While there is no one definitive method for diagnosing cancer—doctors will usually carry out a few different tests—and trying to implement the bee chamber for use in a clinical environment was “incredibly difficult”, Soares is optimistic her bee chamber will be welcomed in countries lacking the resources for diagnostic tests.

“We feel that the project would be more suited for implementation in developing countries that don’t have these diagnostic tools, or where people don’t have access to hospitals,” she says. “It would be a cost-effective way of screening for certain diseases.”

Soares shelved the bees project in 2009, a few years after work on it began, but a recent surge in interest has encouraged her to try implementing the product elsewhere—specifically, in Africa.

The bee chamber has been tested for accuracy at Rothamsted, a semi-private research institution, where Inscentinel is now based. Rothamsted researchers are also studying how bees detect certain diseases and how to derive more disease biomarkers that the bees can be trained to detect.

Soares is aware that an institution in New Zealand is developing methods to diagnose diseases based on bees’ sense of smell, although given her open approach, Soares isn’t concerned about other companies copying her products.

“I don’t see the project that way. What I want to get from the project is a reliable and cost-effective tool that can be used in developing countries.”

Soares uses honeybees in her project, but research suggests that other species of bees, insects, and other animals can be trained to detect different kinds of compounds by exhibiting this Pavlovian response. For example, Belgian company APOPO is training rats to detect both tuberculosis and land mines.

Insects au gratin

According to some estimates, the world’s population will reach 10 billion by 2065 and, if current food production methods don’t have a serious overhaul, this could result in a global food shortage. Eating insects has been touted as the answer, as they are far less costly than other forms of protein to produce, less of a strain on the environment and highly nutritious.

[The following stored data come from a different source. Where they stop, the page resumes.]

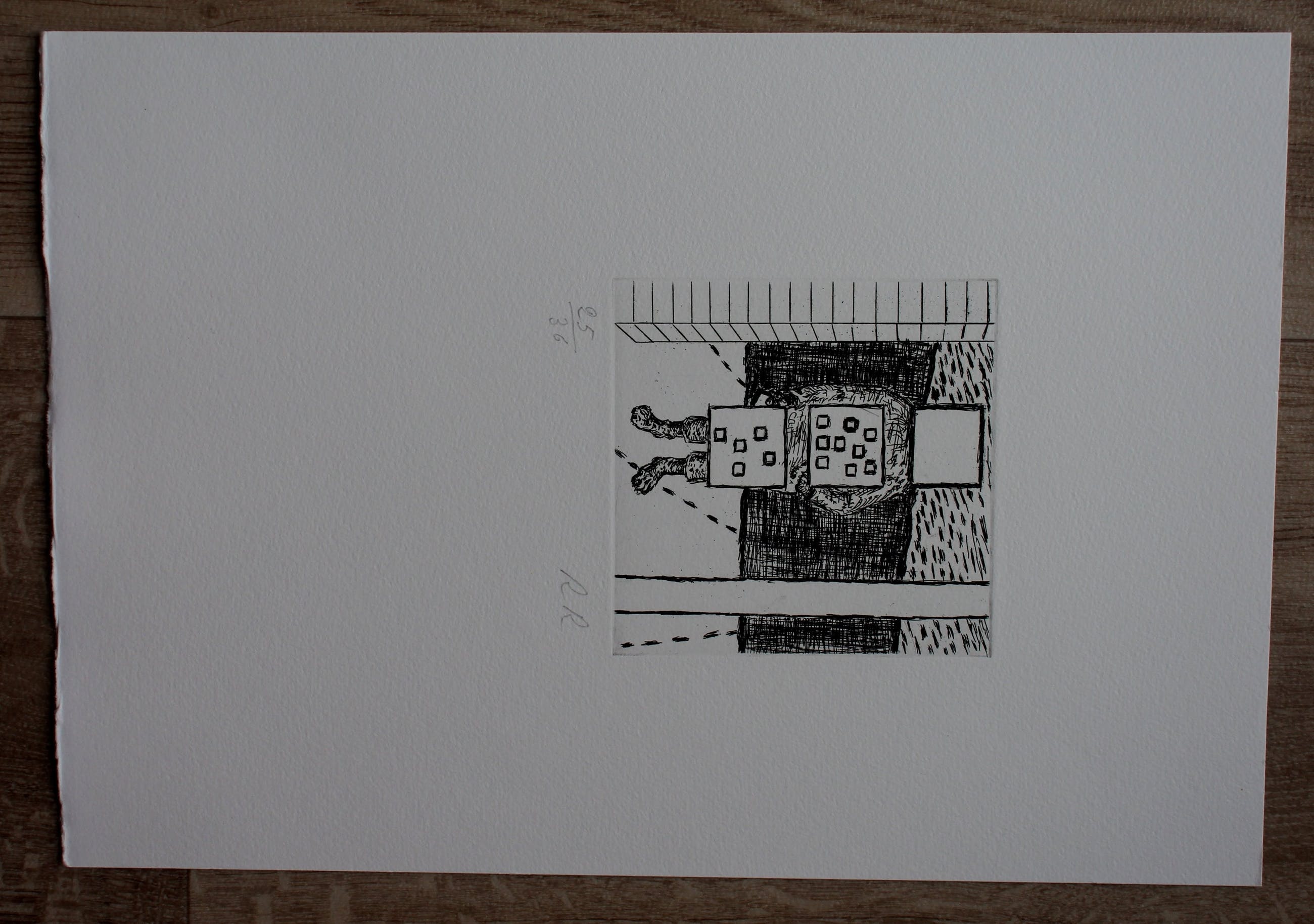 Afmetingen: 32cm x 24cm (portfolio), 9.5cm x 9.5 cm (etsen beeld). De authenticiteit van het aangeboden werk wordt volledig gegarandeerd. Een certificaat van echtheid kan, op aanvraag, worden gemaild.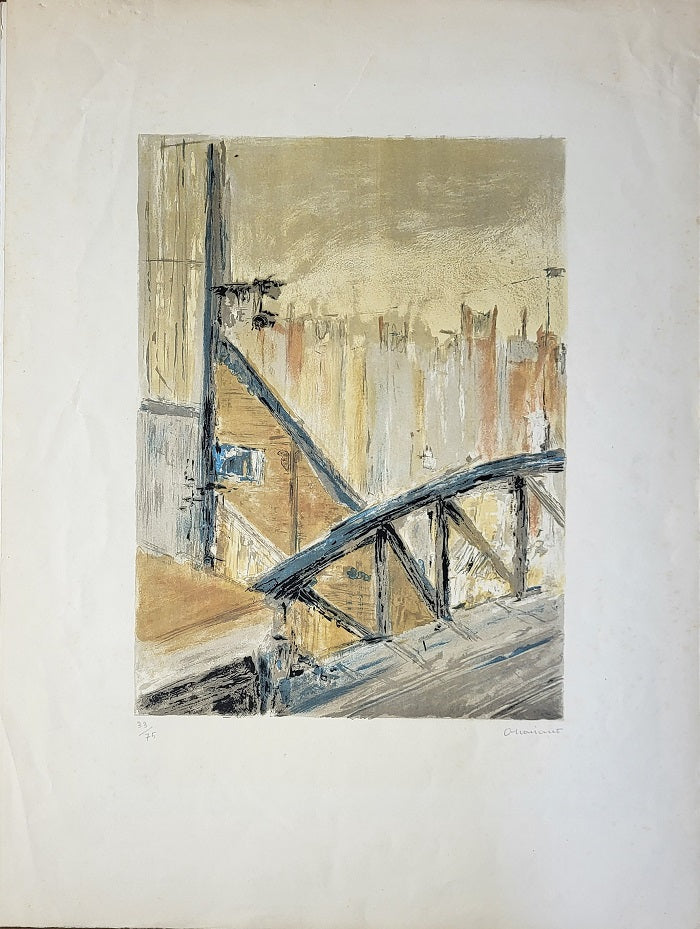 Estampe/Lithographie par Jack Ottaviano (Vichy, 20 juin 1924 † Clermont-Ferrand, 1er juin 1988), au crayon numérotée 33/75 en bg, Sbd, dim. : 65*49mm. Froissements dans les marges. Après avoir représenté les effets de la guerre sur les villes détruites, Jack Ottaviano montre la reconstruction, avec l'importante série des chantiers navals, puis le résultat de certains excès de cette reconstruction, les paysages urbains de « tours » et de « barres » dont la masse apparaît écraser l'homme. La lithographie sera reprise pour illustrer l'affiche de l'exposition à la galerie parisienne Carlier (22 avril - 2 mai 1964) précédant deux expositions à Washington puis à New York.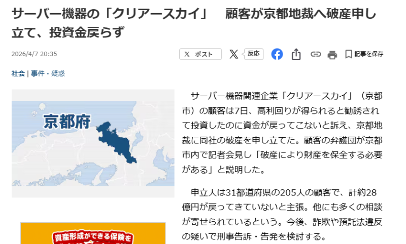クリアースカイの「サーバー投資」は、いまや大規模な詐欺疑惑の渦中にあります。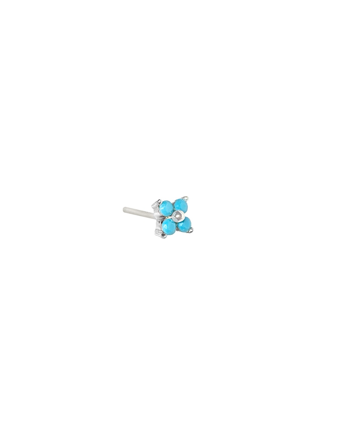 Pendiente mini en forma de flor con circonita azul de plata 925. Pendiente ideal para combinar con otros pendientes mini en piercing secundarios. Se vende por unidad.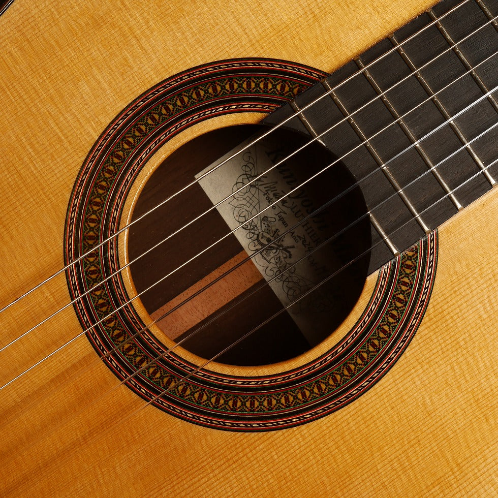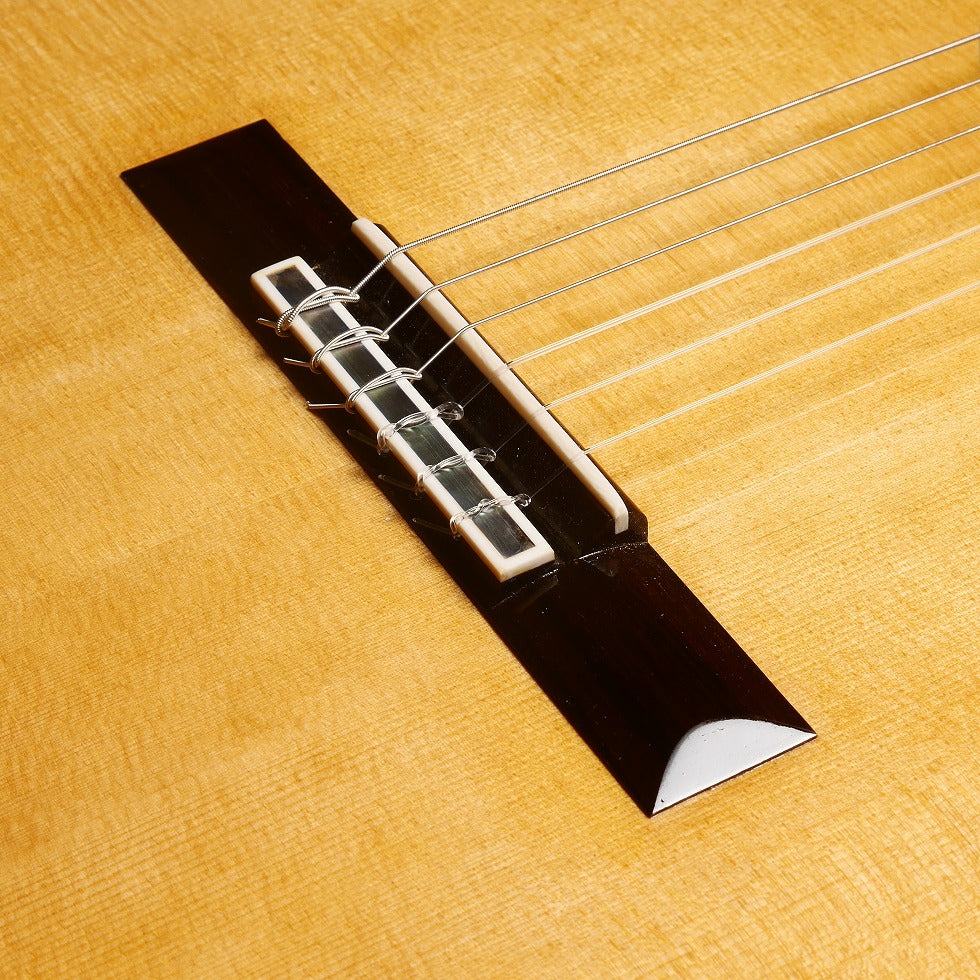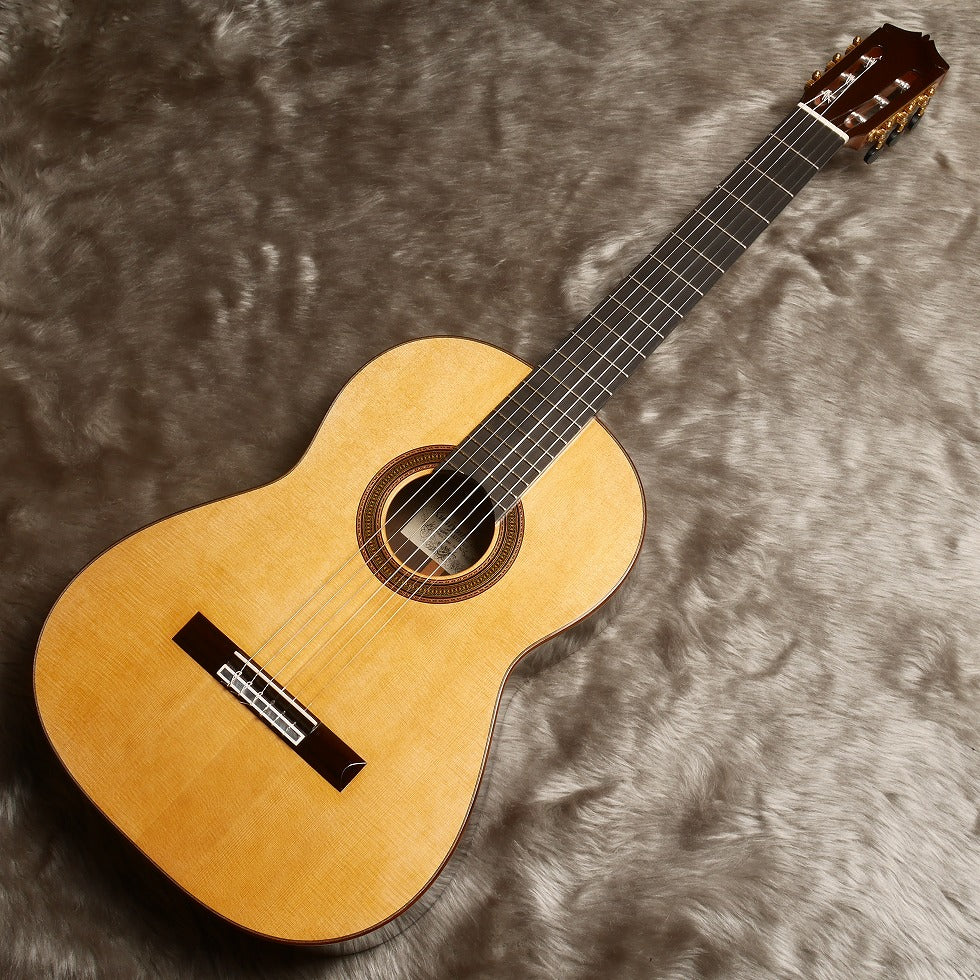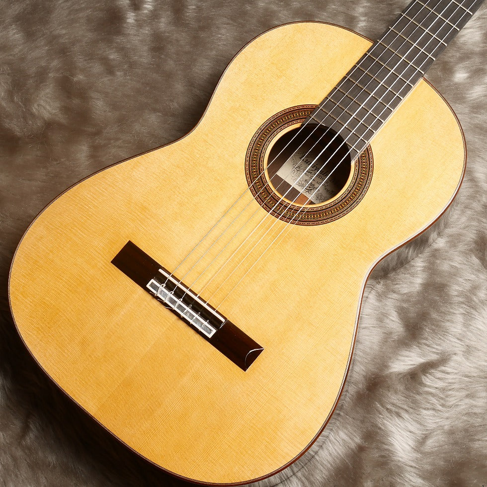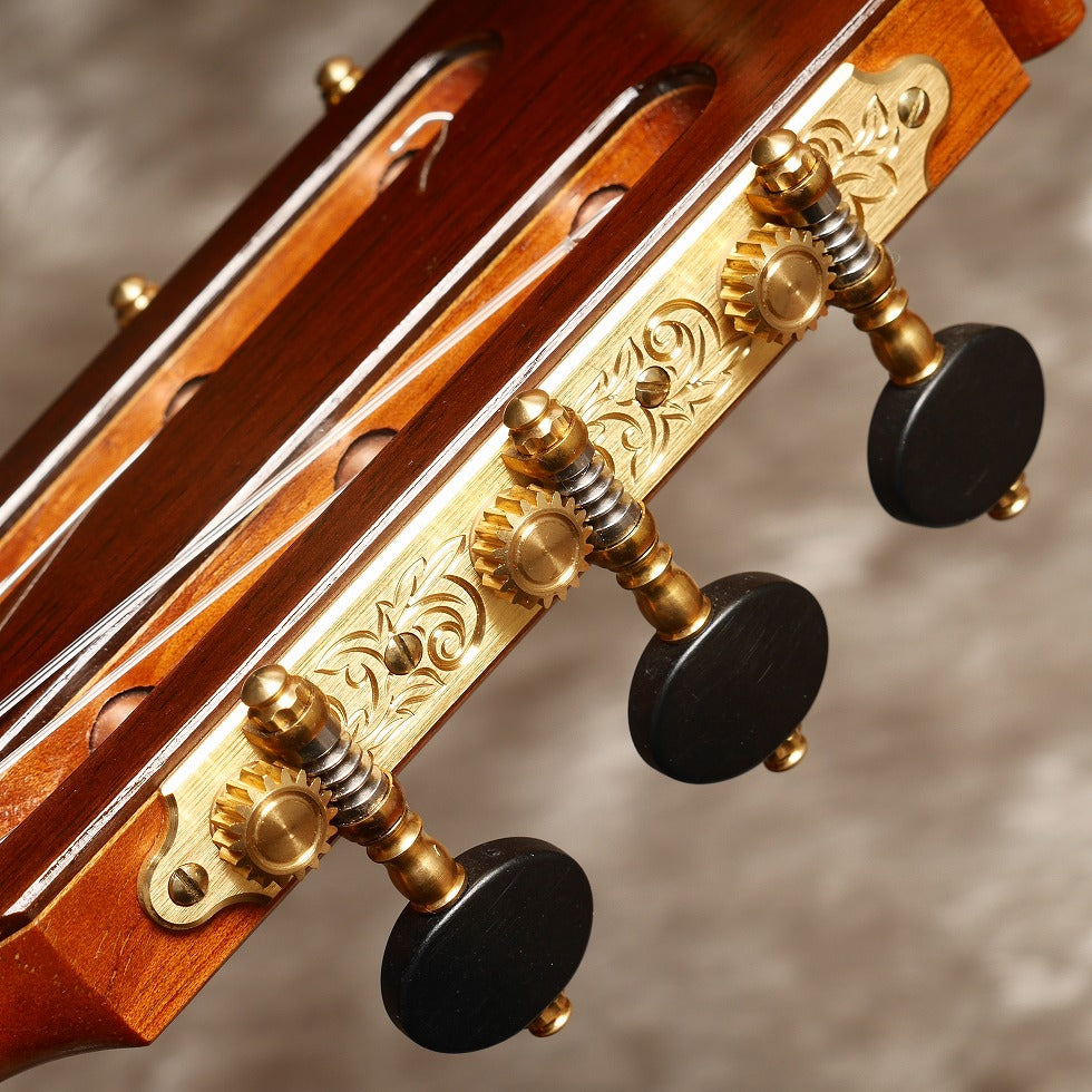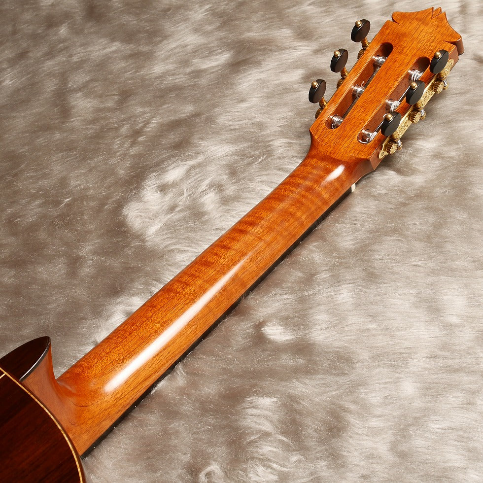 日本が誇る名工のひとり松井邦義製作のマルセロ・バルベロモデルです。ヘッド、ロゼッタ、力木の配置など細部にわたり忠実に再現している。音色はスペイン的なダイナミックな低音と抜けるような高音が特徴。本家のバルベロ程、弦のテンションは強くないので演奏性は優れている。セラックのタンポ塗で丁寧に仕上げられたこだわりの一本。

Soares uses the practice of eating insects— entomophagy—as food for thought in her most recent project. Again, it has insects as its focus, but employs them in a “completely different” way.

Edible insects are dried and ground into a powder that is mixed with icing butter, cream cheese or water, gelling agent and flavouring to create a paste that can be 3D printed into edible items to order.

“We need to discuss viable solutions to the world’s food problems,” Soares says, “and insects can be a complementary source of protein.

“I’m not advocating that eating insects is better than eating tofu or soya, but it’s dangerous to eat a food product over and over so that specific foods run out or put lots of pressure on production systems,” she says.

“We need variety, but it’s very political getting that variety to the supermarket. It might look as though we have a huge variety of products, but we don’t.”

Insects au gratin has been exhibited in sciencerelated museums and galleries such as the Science Gallery in Dublin and the Wellcome Collection in London. “The work gets spread usually through workshops or talks that connect to the exhibitions,” she says.

It’s a world away from the way clinical diagnostic methods are debuted, but Soares’s goal is very different from that of a medical device or pharmaceutical company. By taking an artist’s approach and showing us interesting ways scientific research can benefit people, her work has the potential to inspire more conventional solutions.